Марила недоумевающе мигнула:
— Как ты научился так думать?
Фелтруп наклонил голову, как бы говоря, что понятия не имеет. Он не мог заставить себя признаться, что цитирует сборник мелодрам, который адмирал Исик оставил в своей каюте, под подушкой.
Марила закрыла Полилекс и подошла к стене. Проведя пальцами по грубым доскам, она нашла нужное место и нажала. Раздался щелчок, и Фелтруп увидел очертания потайного шкафчика, в котором они хранили незаменимую книгу. Марила открыла его когтями и сунула Полилекс внутрь.
— Пошли, — сказала она. — Давай посмотрим, сможем ли мы что-нибудь вытянуть из ведьмы.
Они вышли из большой каюты, мастиффы Таши шли впереди. По правде говоря, у Фелтрупа тоже были свои сомнения по поводу их поручения. Леди Оггоск (с той уверенностью в повиновении, которую она всегда демонстрировала) просто приказала ему предъявить Полилекс. «Я не Арунис, я не стану красть его у тебя», — заявила она. Но, произнося эти слова, она отвернулась от него, словно боясь того, что может выдать ее лицо. Внутренне Фелтруп запаниковал, сопоставив ее уклончивость со своей собственной. Он сказал, что ему придется поговорить с Марилой, потому что в одиночку он вряд ли сможет выполнить ее желания. Бесценные и запрещенные книги нельзя таскать в мешках, так?

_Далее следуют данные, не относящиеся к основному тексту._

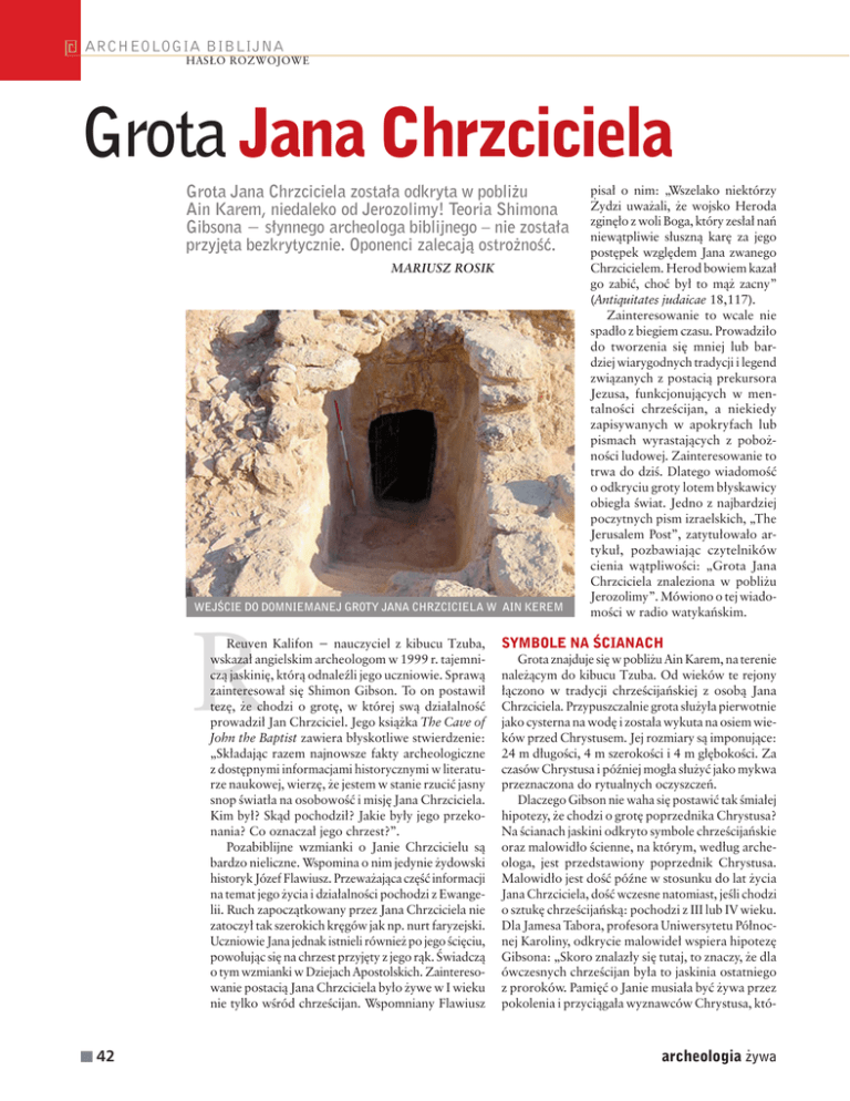 archeologia biblijna hasło rozwojowe Grota Jana Chrzciciela Grota Jana Chrzciciela została odkryta w pobliżu Ain Karem, niedaleko od Jerozolimy! Teoria Shimona Gibsona − słynnego archeologa biblijnego – nie została przyjęta bezkrytycznie. Oponenci zalecają ostrożność. MARIUSZ ROSIK Wejście do domniemanej Groty Jana Chrzciciela w Ain Kerem R Reuven Kalifon − nauczyciel z kibucu Tzuba, wskazał angielskim archeologom w 1999 r. tajemniczą jaskinię, którą odnaleźli jego uczniowie. Sprawą zainteresował się Shimon Gibson. To on postawił tezę, że chodzi o grotę, w której swą działalność prowadził Jan Chrzciciel. Jego książka The Cave of John the Baptist zawiera błyskotliwe stwierdzenie: „Składając razem najnowsze fakty archeologiczne z dostępnymi informacjami historycznymi w literaturze naukowej, wierzę, że jestem w stanie rzucić jasny snop światła na osobowość i misję Jana Chrzciciela. Kim był? Skąd pochodził? Jakie były jego przekonania? Co oznaczał jego chrzest?”. Pozabiblijne wzmianki o Janie Chrzcicielu są bardzo nieliczne. Wspomina o nim jedynie żydowski historyk Józef Flawiusz. Przeważająca część informacji na temat jego życia i działalności pochodzi z Ewangelii. Ruch zapoczątkowany przez Jana Chrzciciela nie zatoczył tak szerokich kręgów jak np. nurt faryzejski. Uczniowie Jana jednak istnieli również po jego ścięciu, powołując się na chrzest przyjęty z jego rąk. Świadczą o tym wzmianki w Dziejach Apostolskich. Zainteresowanie postacią Jana Chrzciciela było żywe w I wieku nie tylko wśród chrześcijan. Wspomniany Flawiusz 42 pisał o nim: „Wszelako niektórzy Żydzi uważali, że wojsko Heroda zginęło z woli Boga, który zesłał nań niewątpliwie słuszną karę za jego postępek względem Jana zwanego Chrzcicielem. Herod bowiem kazał go zabić, choć był to mąż zacny” (Antiquitates judaicae 18,117). Zainteresowanie to wcale nie spadło z biegiem czasu. Prowadziło do tworzenia się mniej lub bardziej wiarygodnych tradycji i legend związanych z postacią prekursora Jezusa, funkcjonujących w mentalności chrześcijan, a niekiedy zapisywanych w apokryfach lub pismach wyrastających z pobożności ludowej. Zainteresowanie to trwa do dziś. Dlatego wiadomość o odkryciu groty lotem błyskawicy obiegła świat. Jedno z najbardziej poczytnych pism izraelskich, „The Jerusalem Post”, zatytułowało artykuł, pozbawiając czytelników cienia wątpliwości: „Grota Jana Chrzciciela znaleziona w pobliżu Jerozolimy”. Mówiono o tej wiadomości w radio watykańskim. Symbole na ścianach Grota znajduje się w pobliżu Ain Karem, na terenie należącym do kibucu Tzuba. Od wieków te rejony łączono w tradycji chrześcijańskiej z osobą Jana Chrzciciela. Przypuszczalnie grota służyła pierwotnie jako cysterna na wodę i została wykuta na osiem wieków przed Chrystusem. Jej rozmiary są imponujące: 24 m długości, 4 m szerokości i 4 m głębokości. Za czasów Chrystusa i później mogła służyć jako mykwa przeznaczona do rytualnych oczyszczeń. Dlaczego Gibson nie waha się postawić tak śmiałej hipotezy, że chodzi o grotę poprzednika Chrystusa? Na ścianach jaskini odkryto symbole chrześcijańskie oraz malowidło ścienne, na którym, według archeologa, jest przedstawiony poprzednik Chrystusa. Malowidło jest dość późne w stosunku do lat życia Jana Chrzciciela, dość wczesne natomiast, jeśli chodzi o sztukę chrześcijańską: pochodzi z III lub IV wieku. Dla Jamesa Tabora, profesora Uniwersytetu Północnej Karoliny, odkrycie malowideł wspiera hipotezę Gibsona: „Skoro znalazły się tutaj, to znaczy, że dla ówczesnych chrześcijan była to jaskinia ostatniego z proroków. Pamięć o Janie musiała być żywa przez pokolenia i przyciągała wyznawców Chrystusa, któ- archeologia żywa archeologia biblijna rzy począwszy od IV wieku zaczęli pielgrzymować do miejsc opisywanych w Biblii”. Uczony dodaje jednak, że wielka szkoda, iż nie znaleziono na ścianach żadnych inskrypcji; te stanowiłyby najlepszy argument za lub przeciw hipotezie. Namaszczenie przy chrzcie? W dół groty prowadzi 28 schodów. U ich nasady znajduje się nisza przypominająca kształtem ludzką stopę. W tym miejscu – sądzi odkrywca – stawał kandydat do chrztu, by przyjąć namaszczenie olejem. Gibson twierdzi, że w grocie dokonywano tak zwanego rytu namaszczenia, który miał przygotowywać do przyjęcia chrztu z rąk Jana. Wyjaśnia go następująco: „Uczeń, po wyjściu z rytualnej kąpieli, stawiał prawą stopę w zagłębieniu, gdzie była ona polewana olejkiem. Uświęcało to jego kroki na nowej drodze życia”. Jego tezę ma potwierdzać znaleziony obok wejścia do groty kamień z wydrążonym rowkiem, służącym ponoć do odprowadzenia ściekającego olejku. W grocie znaleziono także dziesiątki tysięcy fragmentów ceramiki datowanej na I stulecie po Chrystusie. To – zdaniem Gibsona – kolejny argument, że mamy do czynienia z grotą wykorzystywaną za czasów Jana Chrzciciela. Nie ma jednak dowodów na istnienie praktyki namaszczenia przy chrzcie Janowym. Ewangelie nic o niej nie wspominają. Namaszczenie na kartach Biblii nie wiąże się ze chrztem. Czytelnik Starego Testamentu napotka na jego stronach przynajmniej dwie zasadnicze funkcje namaszczenia: pierwsza wskazuje na praktykę medyczną, druga oznacza czynność prawno-rytualną, mającą znaczenie symboliczne i wywołującą istotne skutki w życiu społeczności Izraelitów. W tym drugim przypadku namaszczenie bywa często rozumiane jako konsekracja osoby, czyli jej upoważnienie do wykonywania określonych zadań przewidzianych przez Prawo. Stary Testament zna namaszczenie królewskie, kapłańskie i prorockie. Namaszczenie na króla stanowiło w starożytnym Izraelu część rytuału intronizacji. Podobne zwyczaje panowały wśród innych narodów Bliskiego Wschodu. Starożytna literatura przedchrze
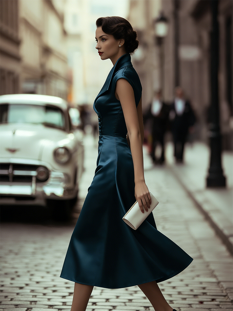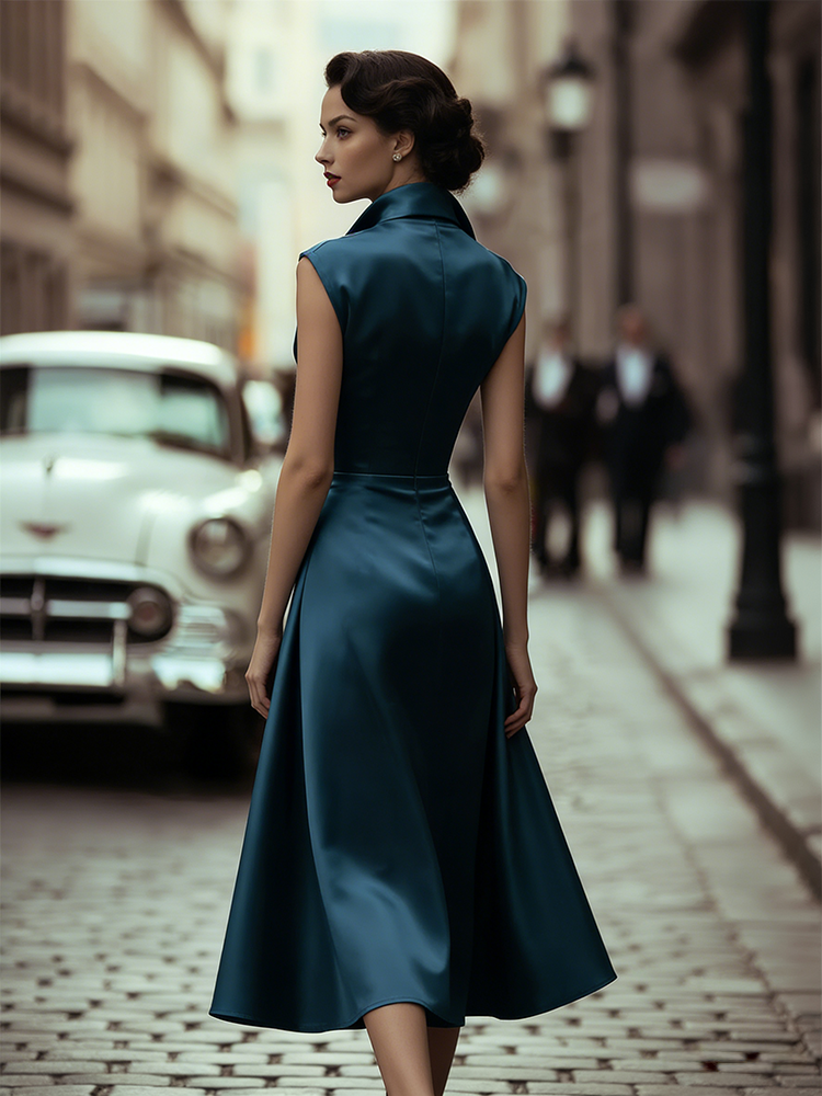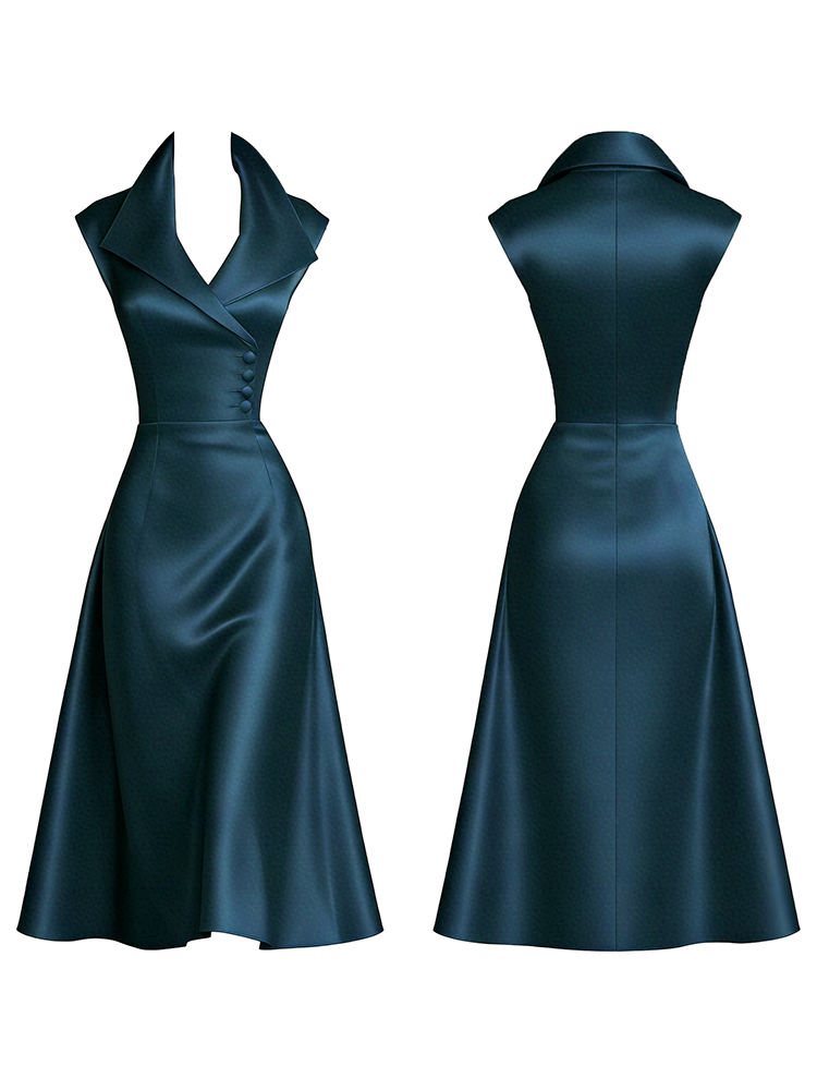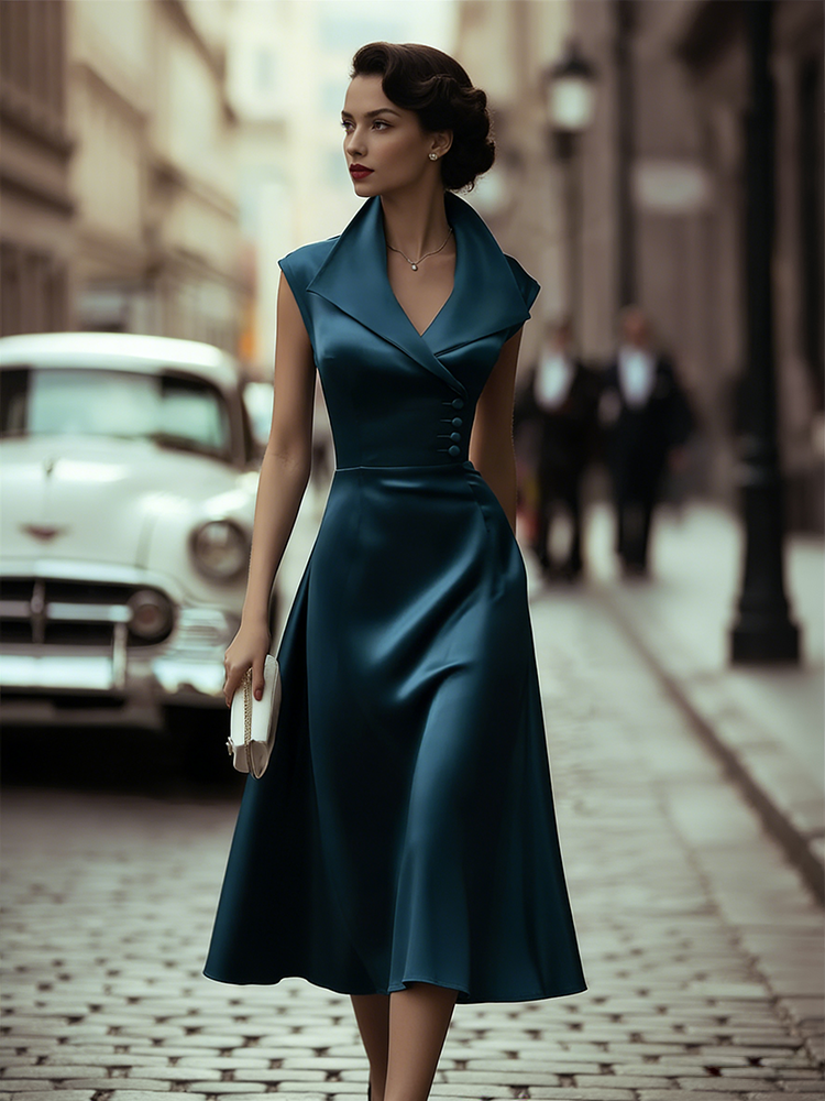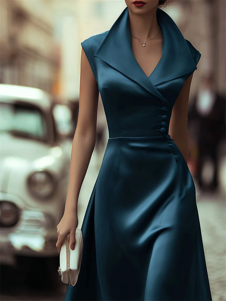 Classy Side Buttons Lapels Flowy Satin Maxi Dress
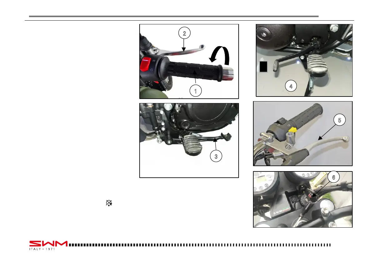 - When stopped, pull the clutch lever (4) and shift
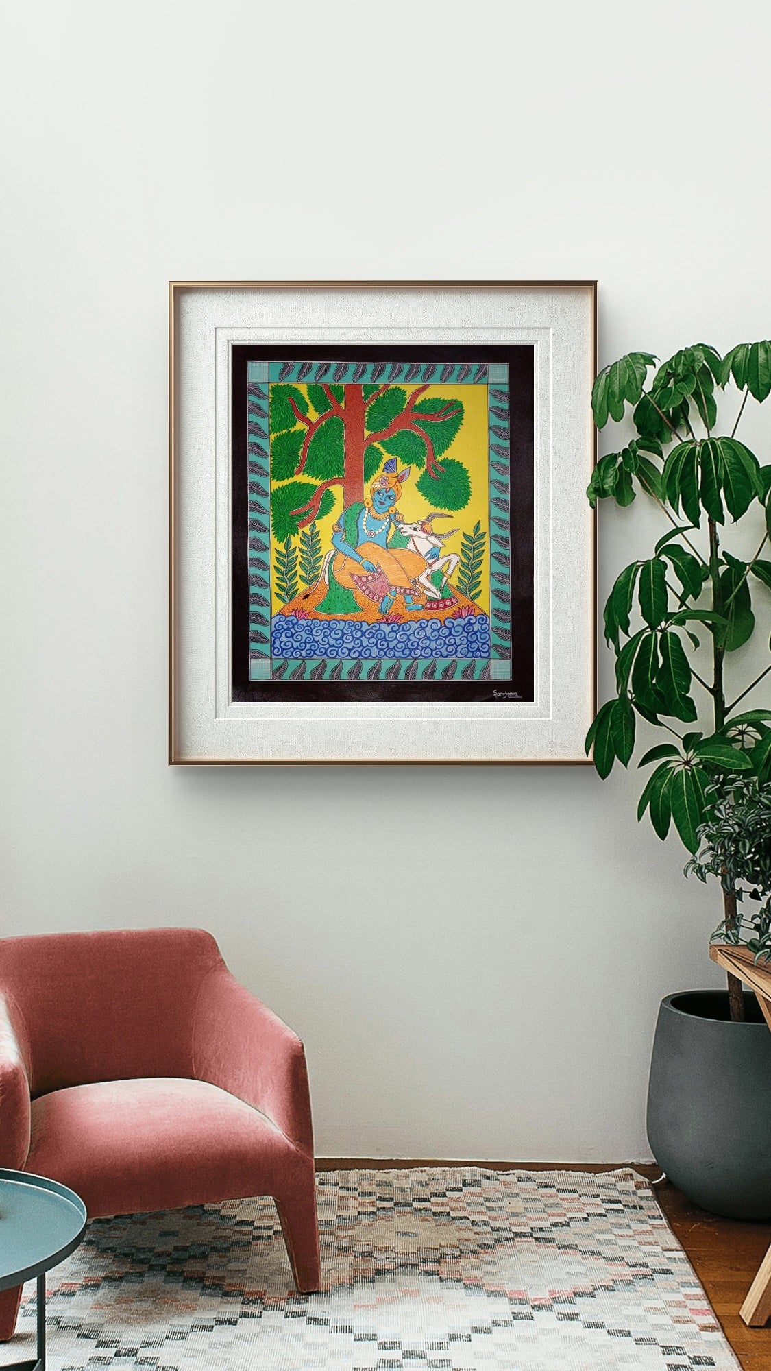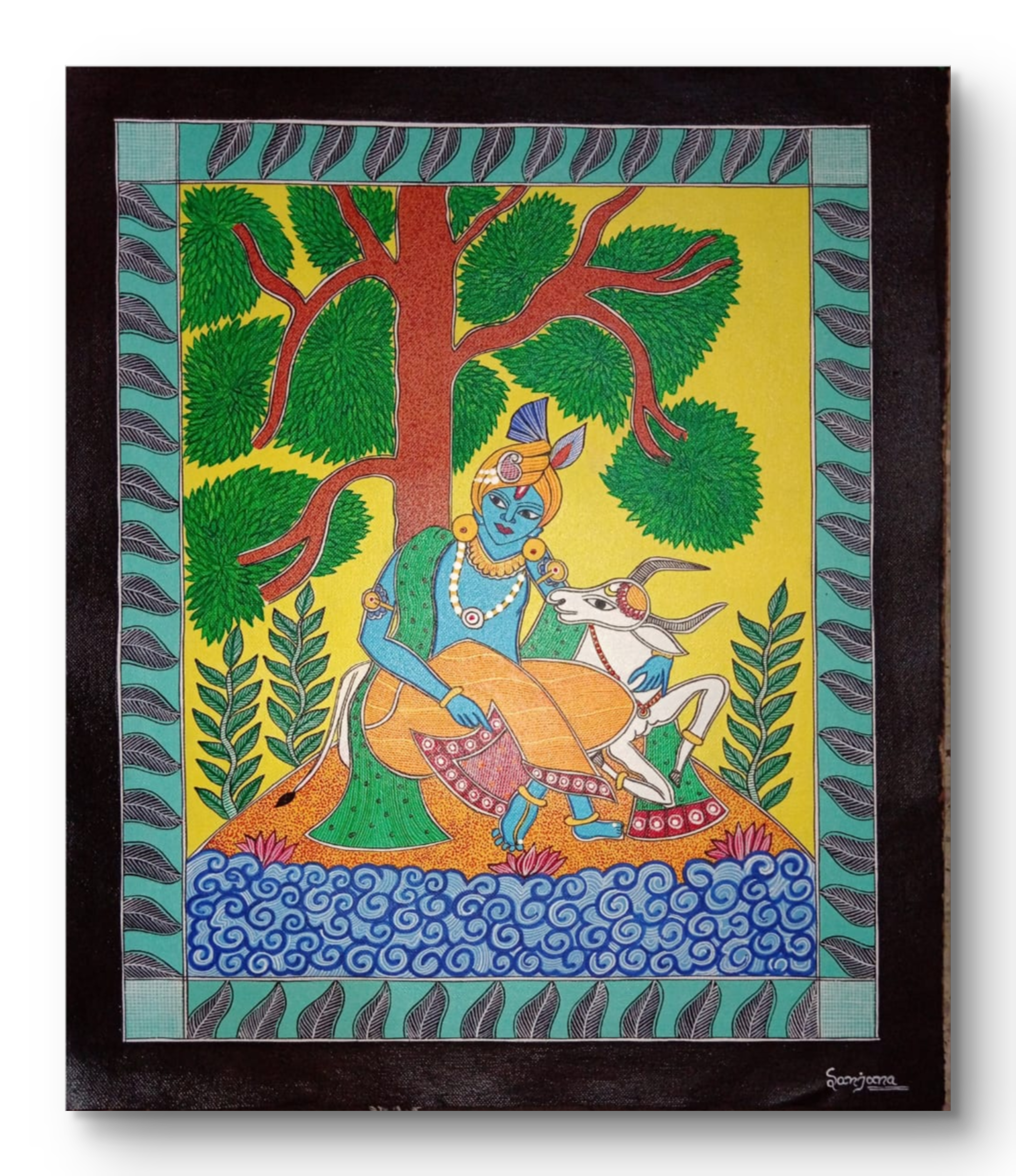 Lord Krishna With His Cow By The River In Mithilla Art -Acrylic (46" * 60")By Artist Sanjana Banka

Убеди ее! ответила леди Оггоск, добавив, что на карту поставлено само выживание «Чатранда». После этого она закрыла рот, ожидая, когда он уйдет. Не крысам задавать вопросы герцогине Тироши.
Ему не нравилось перечить ведьме, несмотря на ее странное превращение в его защитницу и доверенное лицо (если такое слово вообще можно было применить к такой хитрой и расчетливой особе). И все же книга была в его доверии, его и Марилы. И поэтому он стал расспрашивать дальше:
— Простите меня, леди, но вам лучше привести более веский аргумент. Вспомните, если хотите, что сама Мать-Запретительница велела Таше ни с кем не делиться книгой.
Леди Оггоск швырнула в него расческой.
— Мать-Запретительница! — взвизгнула Оггоск. — Она на борту? Единственное, что она делала для Таши Исик — сажала ее в тюрьму и учила, как заманить мужчину в ловушку бедрами и ресницами. Поднимала ли она когда-нибудь палец на чародея или бесчинства Тайного Кулака? Я пожертвовала собой! А та женщина осталась в Этерхорде разводить сомов.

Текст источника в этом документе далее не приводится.